# What you are asked to do
Below, some lines carry pictures; leave those pictures out and retype exactly the lines from the one with "Thông Tin chung" through the one with "34、晚上的抽屉柜这里,有一".

# Records to use
*-*-*

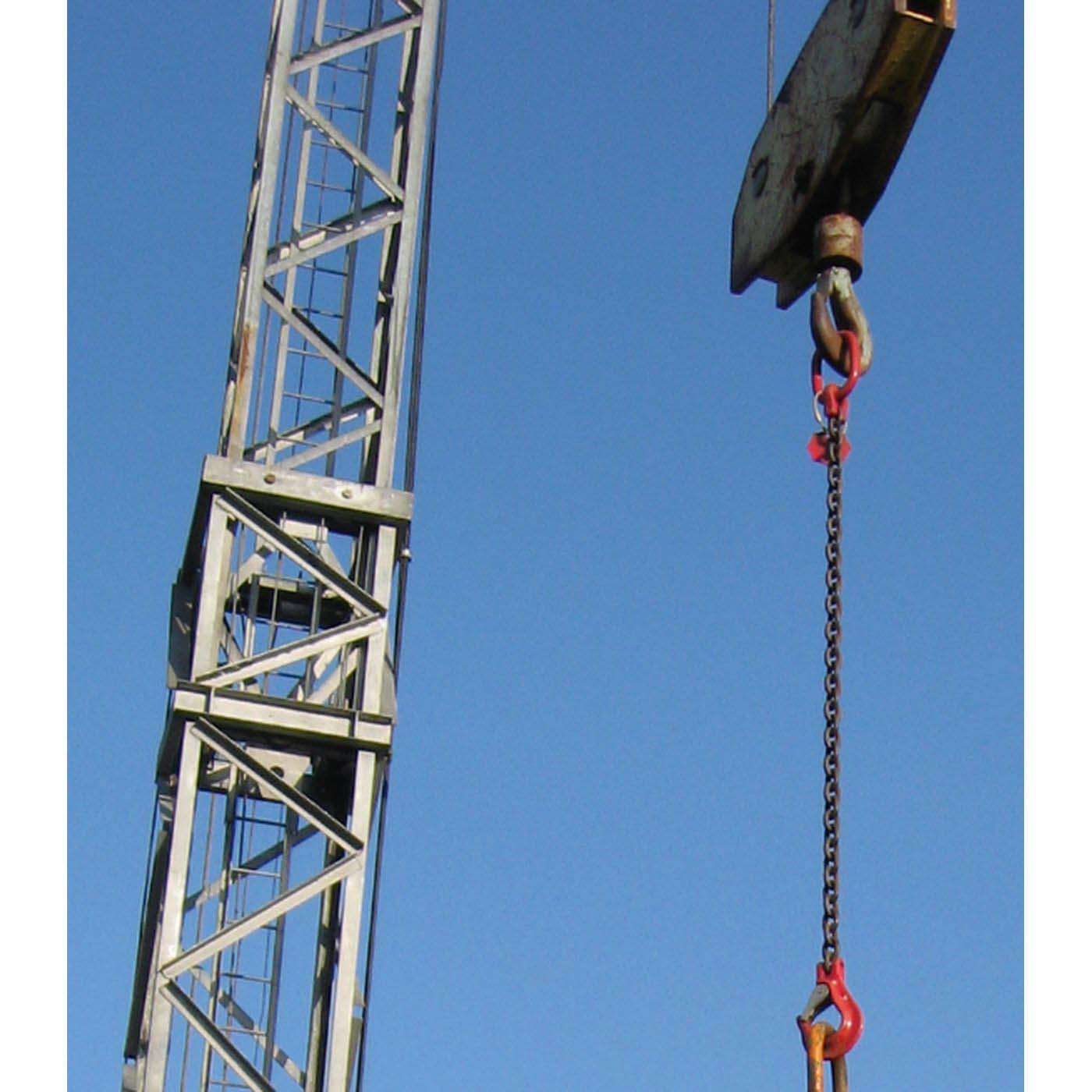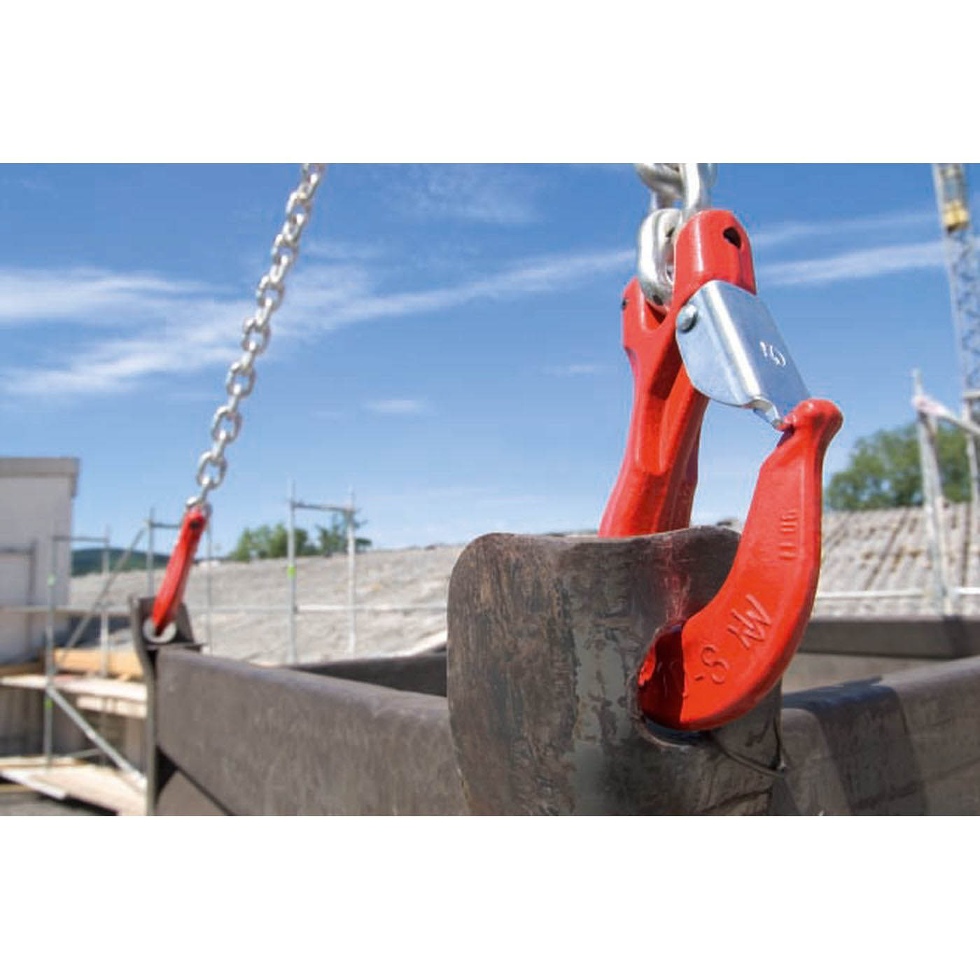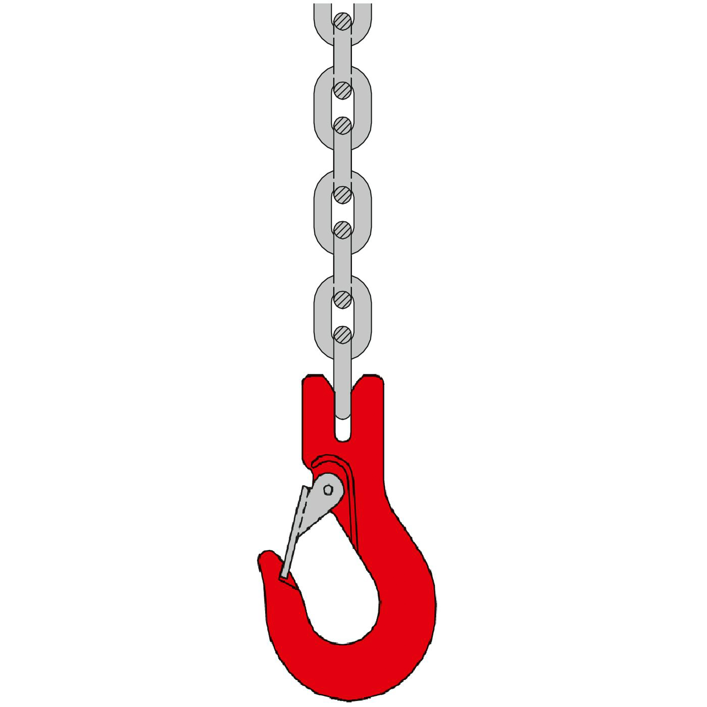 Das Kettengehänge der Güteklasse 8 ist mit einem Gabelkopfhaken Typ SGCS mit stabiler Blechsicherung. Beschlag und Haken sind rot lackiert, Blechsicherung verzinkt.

*-*-*

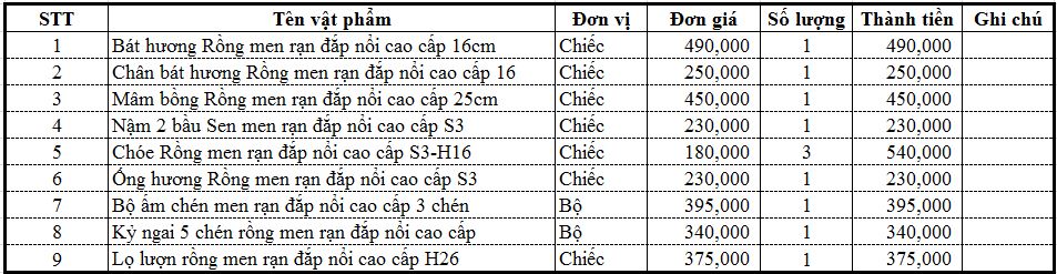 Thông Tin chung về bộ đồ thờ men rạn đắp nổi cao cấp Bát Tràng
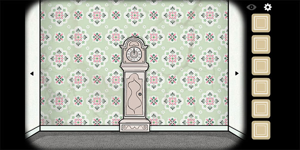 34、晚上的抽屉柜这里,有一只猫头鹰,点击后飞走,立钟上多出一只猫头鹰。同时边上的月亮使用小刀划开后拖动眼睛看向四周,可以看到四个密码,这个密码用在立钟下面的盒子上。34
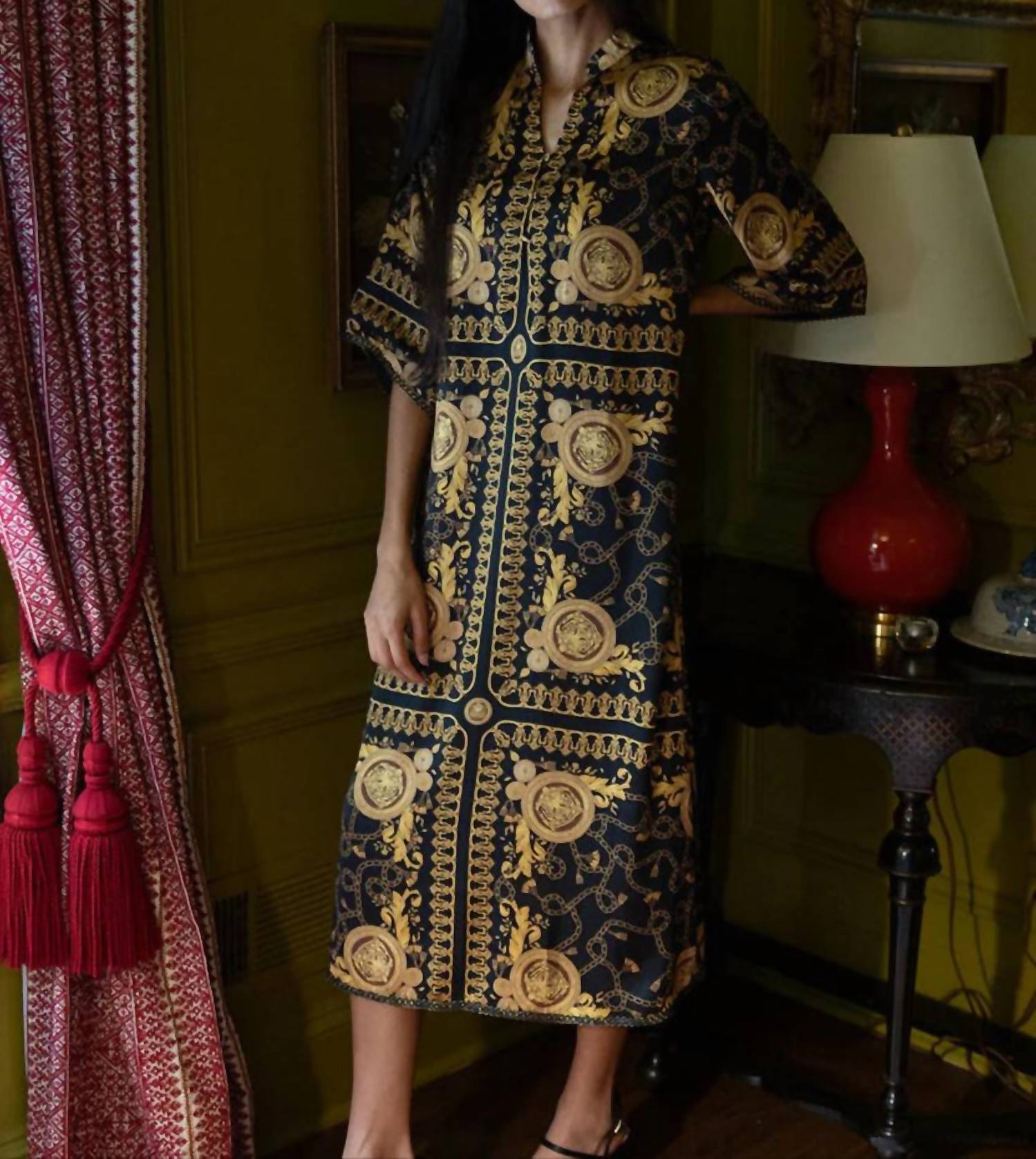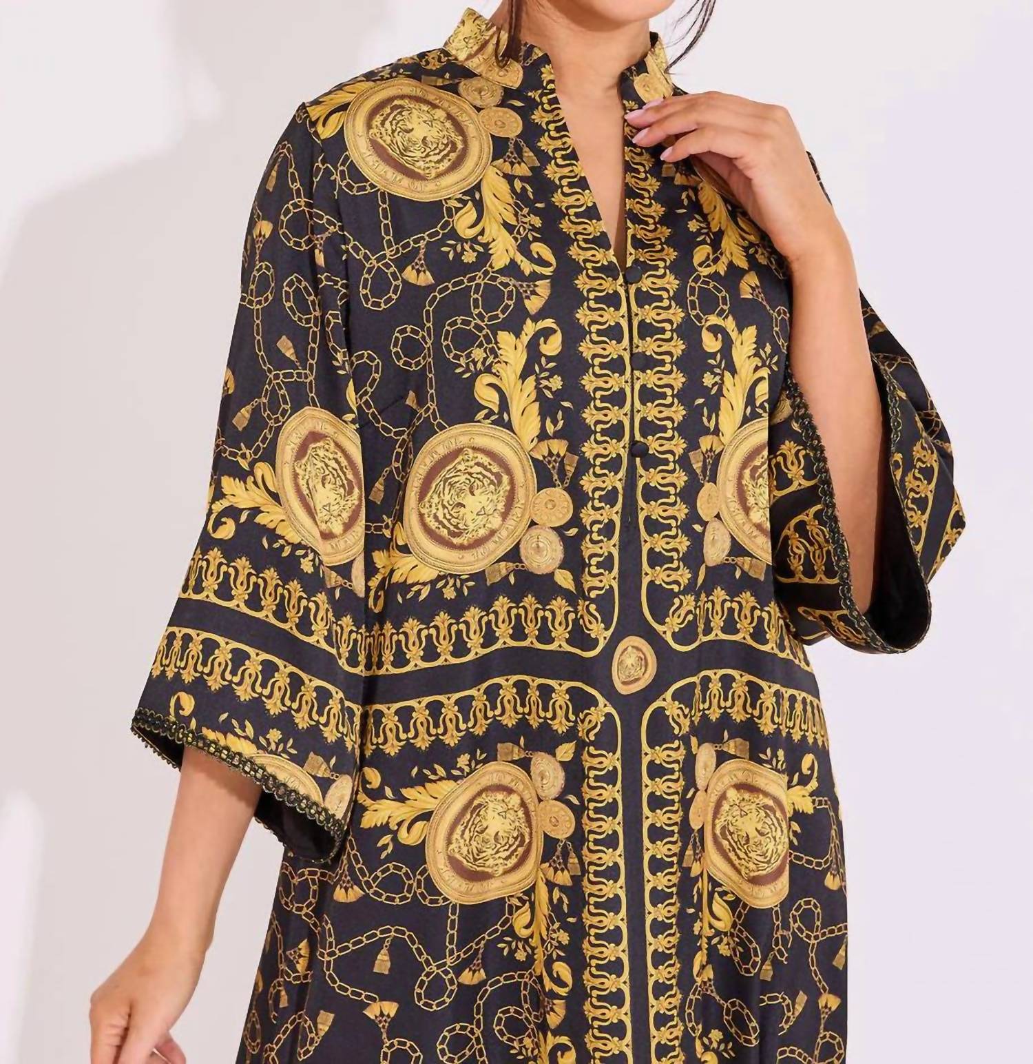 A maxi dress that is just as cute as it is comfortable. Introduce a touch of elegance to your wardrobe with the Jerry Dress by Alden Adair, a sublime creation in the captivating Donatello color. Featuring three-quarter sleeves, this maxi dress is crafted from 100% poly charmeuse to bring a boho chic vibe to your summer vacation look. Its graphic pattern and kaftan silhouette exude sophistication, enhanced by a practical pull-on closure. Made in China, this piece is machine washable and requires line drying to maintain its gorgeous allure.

*-*-*

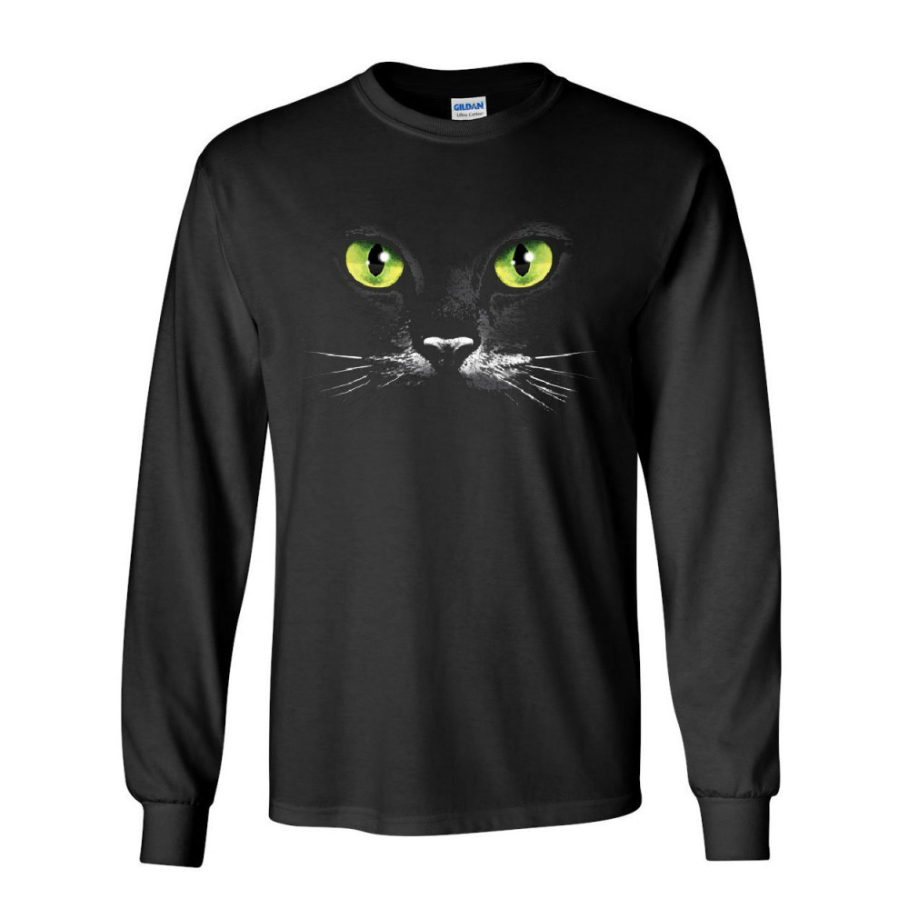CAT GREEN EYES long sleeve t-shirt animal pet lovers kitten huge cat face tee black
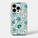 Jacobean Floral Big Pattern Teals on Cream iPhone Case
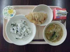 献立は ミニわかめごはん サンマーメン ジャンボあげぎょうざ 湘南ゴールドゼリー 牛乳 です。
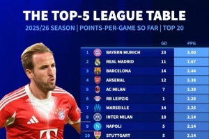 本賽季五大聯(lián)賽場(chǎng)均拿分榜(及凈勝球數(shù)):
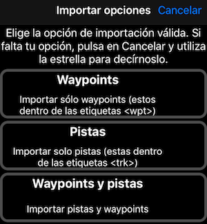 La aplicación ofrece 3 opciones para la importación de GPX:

*-*-*

# Exercise output
 Thông Tin chung về bộ đồ thờ men rạn đắp nổi cao cấp Bát Tràng
 34、晚上的抽屉柜这里,有一只猫头鹰,点击后飞走,立钟上多出一只猫头鹰。同时边上的月亮使用小刀划开后拖动眼睛看向四周,可以看到四个密码,这个密码用在立钟下面的盒子上。34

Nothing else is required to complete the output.